Hi, I’m a 31 year old mummy of 3, an 11 year old and 5 year old twins. I was born and bred in London, so I am used to the city life but I crave being outdoors, the wilder the better. In the last few years I’ve been diagnosed with hypothyroidism and fibromyalgia. Both the conditions cause me pain and severe fatigue and last year, was the worst year I’ve ever experienced due to my symptoms, family feuds, a death of a baby, wrongful dismissal and my family breaking up. However, I am a forward thinking woman and I refused to have any more negativity. I am so fortunate, lucky and so grateful to be climbing my first mountain with Love Her Wild. I hope to make new friends, support them and make my children proud of their mummy. Let’s do this!
I want to climb a mountain! I wanted to do it for my 50th birthday but I was put off by a hardcore adventurer friend who said that was such a cliche. It’s now 6 years later and I still want to climb a mountain and I don’t care what anyone says! I’m also about to embark on a six-month career break and am setting myself some challenges, goals and things to enjoy with no time pressure. I’m moderately fit and love to hike but this mountain will definitely be a challenge. The mutual support of a group of women willing to put themselves through the same thing will be the best way to succeed! So looking forward to our adventure together.
Hello, I live on my own in Bristol & I’m 45 years old. I’m unfit, but i enjoy cycling & most things outdoors. I’m interested in food & not just eating it! I get anxiety, I worry & think way too much. I enjoy learning & love nature, so I’m feeling excited that i’m about to start an internship in the woods. June last year i was diagnosed with breast cancer which has tested me on a deep level, and still does. But, I’ve learnt alot about myself. Ive learnt its ok to admit that I’m scared and that feeling vulnerable connects me with others. So…i applied to do this, to focus on a positive ahead. Always wanted to do something like this and i really want to be part of a team, supporting each other all of the way. I’m excited & im scared! X
Growing up as a young Deaf person, communication and social environments were particularly challenging. I found a lot of comfort in being outdoors and engaging with nature, but growing up in London, opportunities to venture into wild places and discover mountainous landscapes were far and few between! Determined to make a difference, I moved to Wales 7 years ago to pursue my passion for nature where I studied Zoology at Cardiff University.
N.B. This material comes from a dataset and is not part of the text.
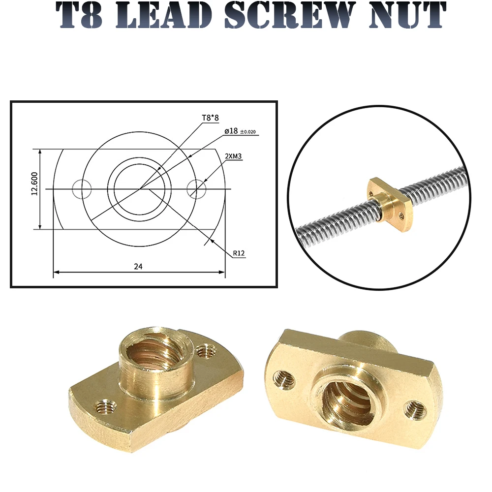 Свинцовая гайка T8, шаг 2 мм, свинцовая 8 мм, латунь T8 x 8 мм, фланцевая свинцовая гайка для ЧПУ, детали Ender 3 CR-10, аксессуары для 3D-принтера

Since my recent move to North Wales, I have wanted to climb Snowdon, but my lack of confidence and adventuring experience has stopped me from doing so. When I found out about LoveHerWild and the First Mountain challenge it sounded like the perfect opportunity to finally embark on my first summit up a mountain! I am really excited to be part of a team of like-minded women from all walks of life. This an exciting opportunity to inspire other women to have the confidence to embark on wild challenges, for the sake of their own mental and physical wellbeing.
In early 2016 Bex Band quit her teaching job to set out on her first big adventure, hiking 1000km the length of Israel. Adventure is now her life and work! As well as running Love Her Wild, she also offers advice and inspiration through her blog, the Ordinary Adventurer.